23481,,1361137,,211 - Electrical power (utility) line.
23482,,1361137,,211 - Electrical power (utility) line.
23483,,0166934,,211 - Electrical power (utility) line.


In [150]:
all_records.sort_values('inc_num')

Unnamed: 0,fire_name,inc_num,cause,equipment_involved_in_ignition
18472,BUCKMAN 2,,14 - Unknown / Unidentified,
18470,DEER,,14 - Unknown / Unidentified,
18471,BUTTE,,1 - Lightning,
18473,HILL,,1 - Lightning,
8884,WOODWARDIA FIRE,0,14 - Unknown / Unidentified,
...,...,...,...,...
14364,TICK,,14 - Unknown / Unidentified,
14365,PALERMO,,14 - Unknown / Unidentified,
14366,SWEETWATER,,14 - Unknown / Unidentified,
14367,MUREAU,,,


In [152]:
all_records[(all_records.cause.isna() == False) & (all_records.equipment_involved_in_ignition.isna() == False)]
# This analysis also demonstrates the inconsistency of the database. Example: the same incident has different causes attributed to it. 
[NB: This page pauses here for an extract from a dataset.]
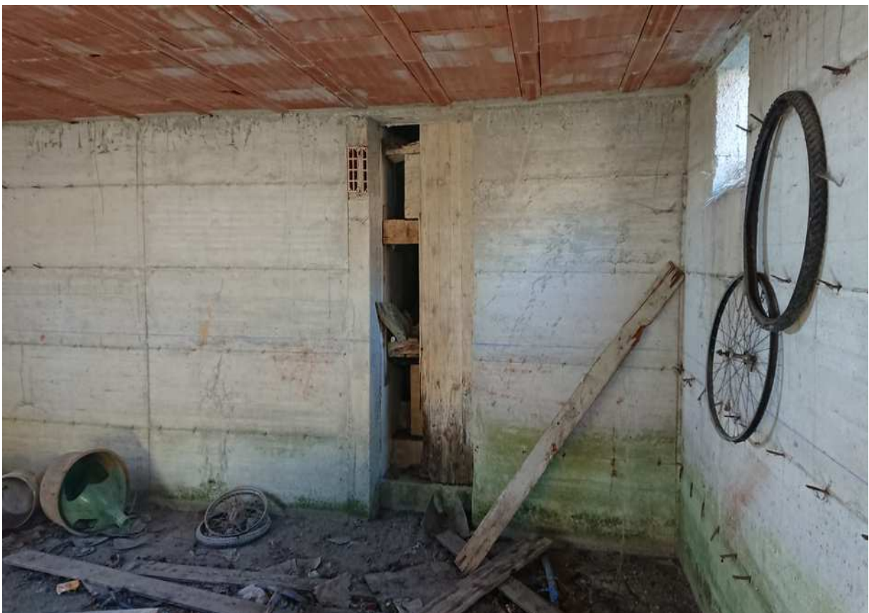
Foto n° 25 - 20/01/2019 - Comune di Meduno, foglio 19, part. 1509 – Vano al piano seminterrato catastalmente identificato come cantina. Visibile l'accesso alle scale che conducono al piano terra dell'abitazione.

Unnamed: 0,fire_name,inc_num,cause,equipment_involved_in_ignition
55,DULUTH,18540,10 - Vehicle,211 - Electrical power (utility) line.
81,RESERVE,2033499,14 - Unknown / Unidentified,211 - Electrical power (utility) line.
260,BRIM,11354,9 - Miscellaneous,211 - Electrical power (utility) line.
275,MOUNTAIN,9134,11 - Powerline,211 - Electrical power (utility) line.
299,FOX,7241,4 - Campfire,211 - Electrical power (utility) line.
...,...,...,...,...
21194,MCMILLIAN,7684,2 - Equipment Use,211 - Electrical power (utility) line.
21200,GLADE,9037,2 - Equipment Use,211 - Electrical power (utility) line.
21220,R3 RYE PATCH,4067,1 - Lightning,211 - Electrical power (utility) line.
21228,CAVE,2908,7 - Arson,211 - Electrical power (utility) line.